NZD/USD was quoted 0.12% lower around 0.6178 after falling from highs around 0.6220 late on Wednesday when a hawkish US Federal Reserve dot-plot revision drove a broad recovery of the US dollar from yesterday's lows.
The Kiwi dollar correction was encouraged late on Wednesday when Statistics New Zealand said the volume of electronic card transactions declined 1.1% MoM and 1.6% YoY in May, making a fifth-consecutive decline.
Local economists at ASB Bank said this was further evidence of consumers pulling back spending owing to higher living costs, including elevated interest rates, and warned that consumer spending is likely to remain weak through year-end.
The data has no immediate implication for interest rates, however, as the Reserve Bank of New Zealand made clear in May that it's still biased toward raising rates while its latest forecasts indicated that rates are unlikely to be cut before Q3 2025.
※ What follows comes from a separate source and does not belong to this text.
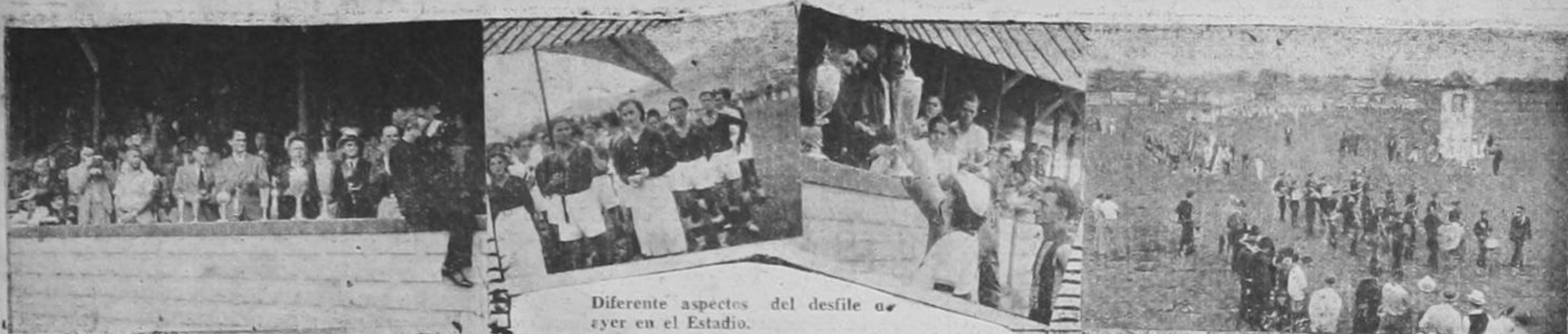
Diferentes aspectos del desfile ayer en el Estadio.

The Kiwi had rallied from 0.6140 to 0.6220 on Wednesday when US inflation stalled in MoM terms for May but it later pared those gains when the Fed cut the number of rate cuts projected for this year to just one in its latest dot-plot.
The Fed's dot plot chart - updated every three months - records each Fed official's projection for the central bank's key short-term interest rate.
The Fed acknowledged that "modest further progress" returning inflation to the 2% target has been made in recent months but reiterated that it doesn't expect to cut interest rates until it gains greater confidence in the return to the target.